Ich hatte total Angst, dass das alles rauskommt und im schlimmsten Fall sogar eine Aussprache stattfinden würde. Ich wollte meinen Mitschülern nämlich auf keinen Fall gegenübertreten und als Heulsuse da stehen. Das würde eh alles nur schlimmer machen und ein Gespräch allein würde sicher nicht reichen, um das Mobbing zu beenden.
Mit meinen Vermutungen sollte ich leider Recht behalten. Meine Eltern haben meine Klassenlehrerin auf die Situation hingewiesen, die dann das Thema “Mobbing” in der Klasse angesprochen hat. Das war mir total peinlich und am liebsten wäre ich im Erdboden versunken. Der Effekt war natürlich genau der, den ich vorher gesagt habe. Anstatt irgendetwas aus dem Gespräch mit der Lehrerin zu lernen, wurde es für mich danach nur noch schlimmer. Zwar haben sie mehr aufgepasst, dass sie mich nicht vor Lehrern beschimpfen, aber die Pausen waren noch genauso unerträglich wie vorher.
Irgendwann habe ich die Hoffnung aufgegeben, dass es jemals besser werden würde und meinen Eltern gesagt, dass ich die Schule wechseln möchte. Die haben Gott sei Dank zugestimmt und zusammen haben wir eine neue Schule für mich ausgesucht.
Da war ich dann zwar wieder ein Neuling, aber meine Mitschüler dort waren total anders. Sie haben sich von Anfang an für mich interessiert und waren neugierig, wer ich war und wollten mich kennenlernen. Auf unserer gemeinsamen Busfahrt zur Schule habe ich mich sofort mit einigen Mädels super verstanden und wir haben uns direkt angefreundet.

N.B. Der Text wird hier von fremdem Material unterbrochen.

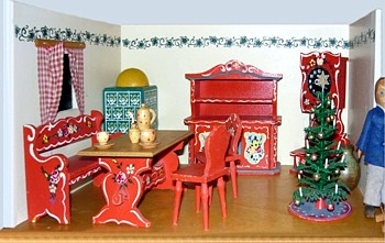Es war wirklich sehr spartanisch eingerichtet und ich stellte erst einmal hinein, was so alles meine Schatz- und Grabbelkisten auf die Schnelle hergaben. Damals noch ganz ohne Konzept. Die nachfolgenden Bilder zeigen jeweils auf der linken Seite den Raum, wie ich ihn von Jutta kannte und rechts, wie ich ihn erst einmal auf die Schnelle ausgestattet habe. |

Das war eine totale Erleichterung für mich und der ganze Druck aus dem letzten Schuljahr ist wie ein riesen Stein von mir gefallen. Irgendwann habe ich nämlich angefangen, die Schuld bei mir zu suchen und an mir selbst zu zweifeln. Aber Gott sei Dank habe ich mich von den Leuten nicht unterkriegen lassen und bin froh, dass ich mich entschlossen habe, mit meinen Eltern darüber zu reden. Eigentlich hätte ich das schon viel früher machen sollen, dann hätte ich mir eine Menge Leid und Qualen ersparen können.
Auf jeden Fall bin ich froh, dass an meiner neuen Schule alles super läuft und ich werde hoffentlich nie wieder solche Schlimmen Erfahrungen machen müssen.